## Data excerpt
----------

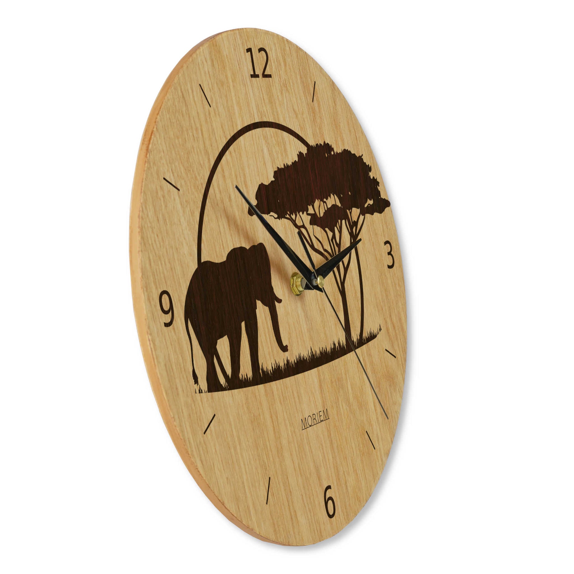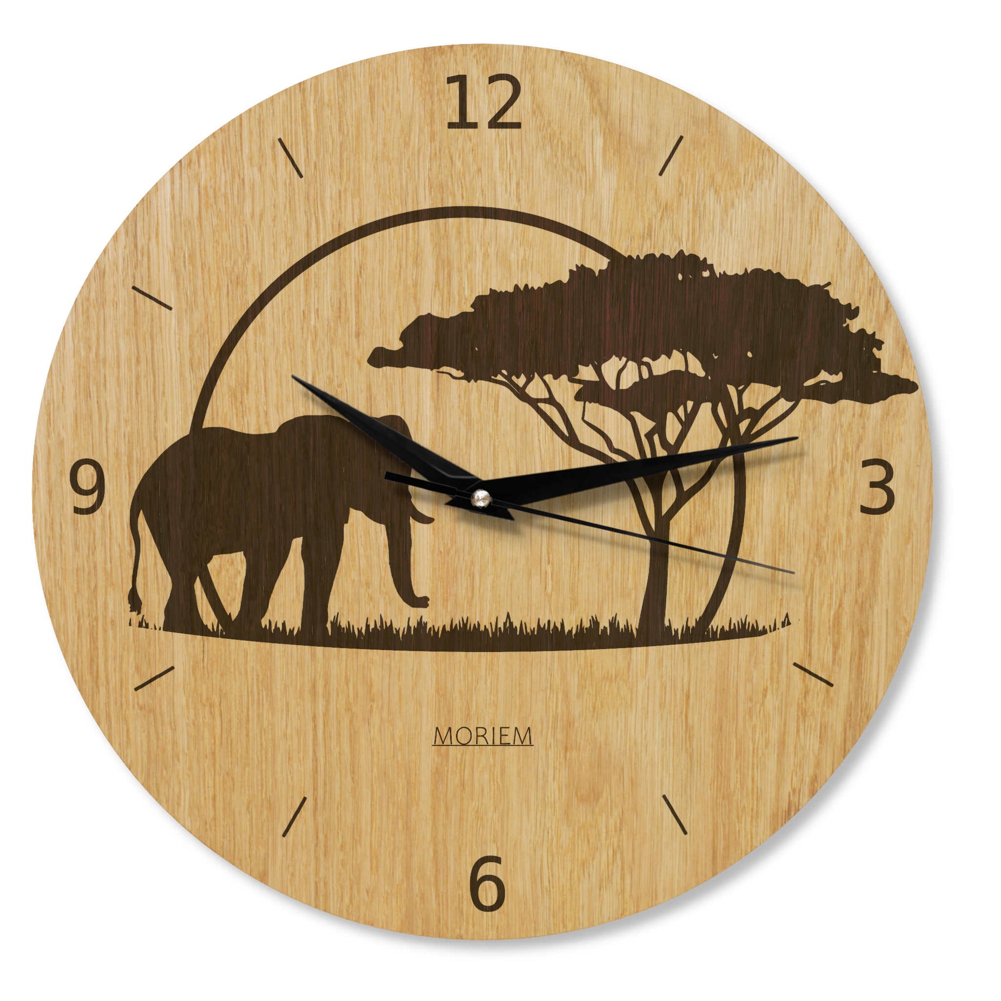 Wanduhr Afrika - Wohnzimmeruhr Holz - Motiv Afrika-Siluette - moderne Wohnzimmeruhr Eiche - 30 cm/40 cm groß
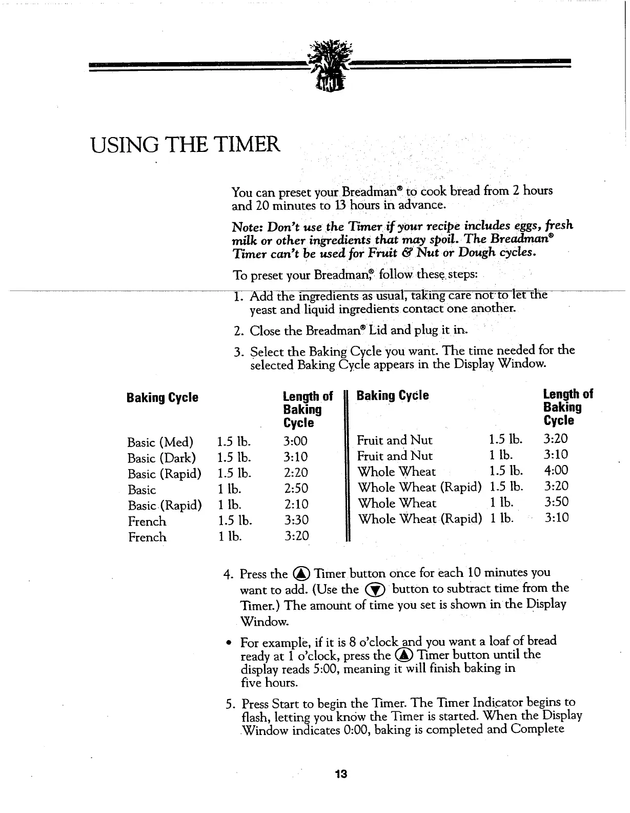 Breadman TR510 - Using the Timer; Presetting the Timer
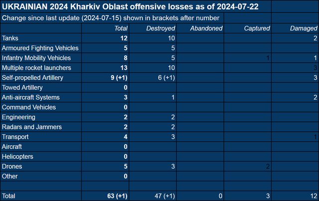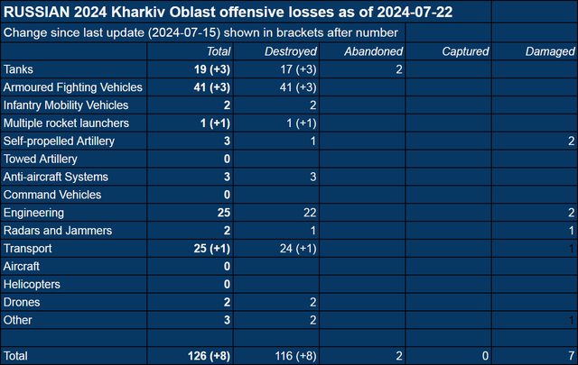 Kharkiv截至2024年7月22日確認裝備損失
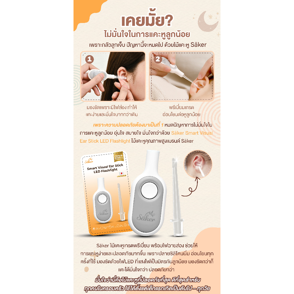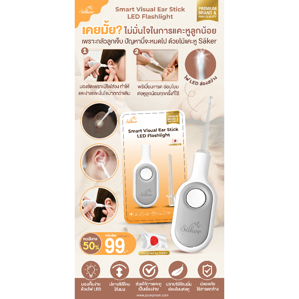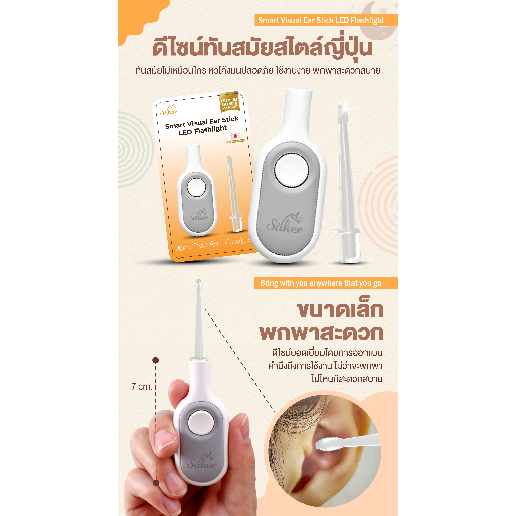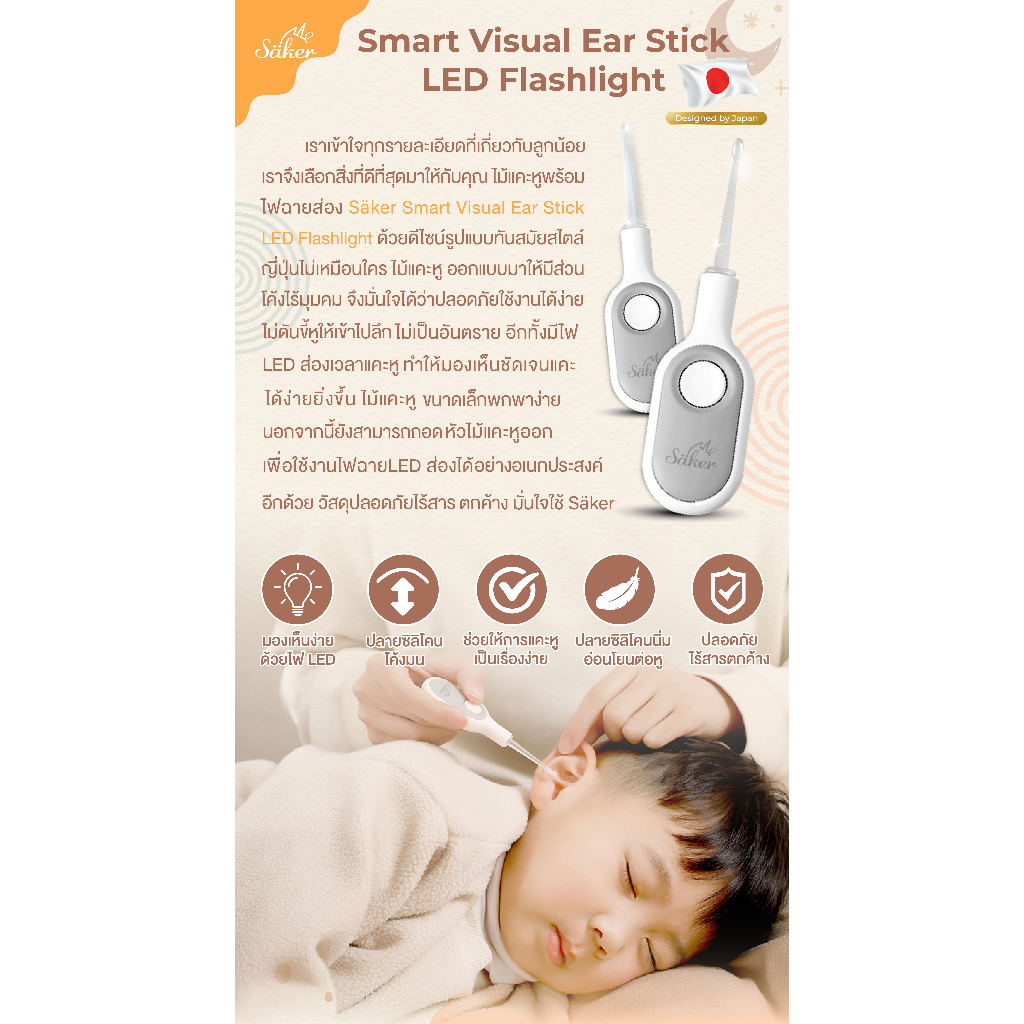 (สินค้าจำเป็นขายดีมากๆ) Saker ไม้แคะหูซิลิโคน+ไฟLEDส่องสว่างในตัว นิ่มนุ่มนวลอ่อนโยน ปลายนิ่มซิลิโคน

----------

## What you are asked to do
Since the pictures are not wanted, give the material again exactly without them.

## Exercise answer
 Wanduhr Afrika - Wohnzimmeruhr Holz - Motiv Afrika-Siluette - moderne Wohnzimmeruhr Eiche - 30 cm/40 cm groß
 Breadman TR510 - Using the Timer; Presetting the Timer
 Kharkiv截至2024年7月22日確認裝備損失
 (สินค้าจำเป็นขายดีมากๆ) Saker ไม้แคะหูซิลิโคน+ไฟLEDส่องสว่างในตัว นิ่มนุ่มนวลอ่อนโยน ปลายนิ่มซิลิโคน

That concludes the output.